6. Define lora config, Peft model , training arguments and peft trianiger

Let us use a low rank matrix of size 32. We see that compared to model size we need to train only 1.41 % of parameters.




from peft import LoraConfig, get_peft_model, TaskType
 
 
lora_config = LoraConfig(r=32,lora_alpha = 32, target_modules=["q","v"],
                         lora_dropout = 0.5, bias ="none", task_type  =TaskType.SEQ_2_SEQ_LM)
 
output_dir = f"./peft-dialogue-summary-training"
 
peft_model_train = get_peft_model(base_model, lora_config)
print(print_number_of_trainable_model_parameters(peft_model_train))

Output:

trainable model parameters: 3538944
all model parameters: 251116800
percentage of trainable model parameters: 1.41%

Let us define our training parameters and training for above peft model




peft_training_args = TrainingArguments(
     output_dir=output_dir,
    auto_find_batch_size=True,
    learning_rate=1e-3, # Higher learning rate than full fine-tuning.
    num_train_epochs=5,
 )
peft_trainer = Trainer(
    model=peft_model_train,
    args=peft_training_args,
    train_dataset=tokenized_datasets["train"],
)
 
peft_trainer.train()

Output:

TrainOutput(global_step=160, training_loss=3.6751495361328126, metrics={'train_runtime': 155.9012, 'train_samples_per_second': 4.009, 'train_steps_per_second': 1.026, 'total_flos': 434768117760000.0, 'train_loss': 3.6751495361328126, 'epoch': 5.0})
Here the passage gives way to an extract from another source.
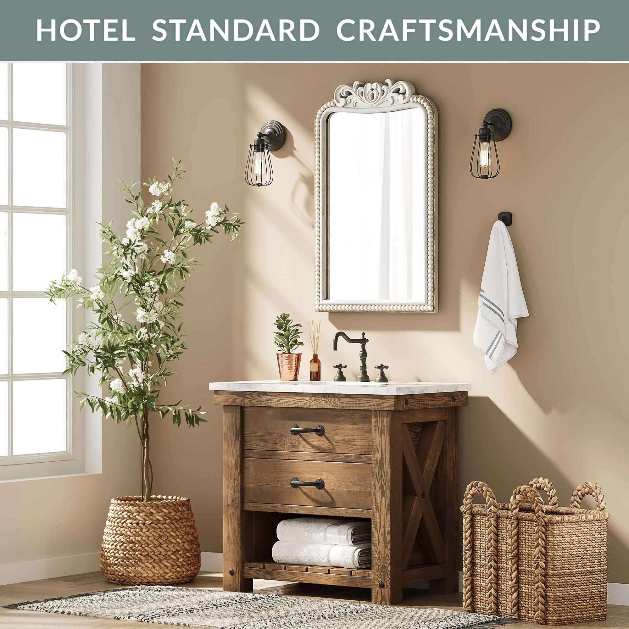 Wall Arch Mirror – Arch & Flourish - MDF Back Arched Ornate Mirror For Vanity, Living Room Or Event – Home Décor

8. Save our model and load it for inference




peft_model_path="./peft-dialogue-summary-checkpoint-local"
 
peft_trainer.model.save_pretrained(peft_model_path)
tokenizer.save_pretrained(peft_model_path)
 
 
from peft import PeftModel, PeftConfig
 
peft_model_base = AutoModelForSeq2SeqLM.from_pretrained("google/flan-t5-base")
tokenizer = AutoTokenizer.from_pretrained("google/flan-t5-base")
 
peft_model = PeftModel.from_pretrained(peft_model_base,
                                       './peft-dialogue-summary-checkpoint-local',
                                                                             is_trainable=False)

9. Generate output




peft_model_outputs = peft_model.generate(input_ids=input_ids, max_new_tokens=200)
peft_model_text_output = tokenizer.decode(peft_model_outputs[0], skip_special_tokens=True)
 
 
print(f"Input Prompt : {prompt}")
print("--------------------------------------------------------------------")
print("Human evaluated summary ---->")
print(summary)
print("---------------------------------------------------------------------")
print("Baseline model generated summary : ---->")
print(output)
print("---------------------------------------------------------------------")
print("Peft model generated summary : ---->")
print(peft_model_text_output)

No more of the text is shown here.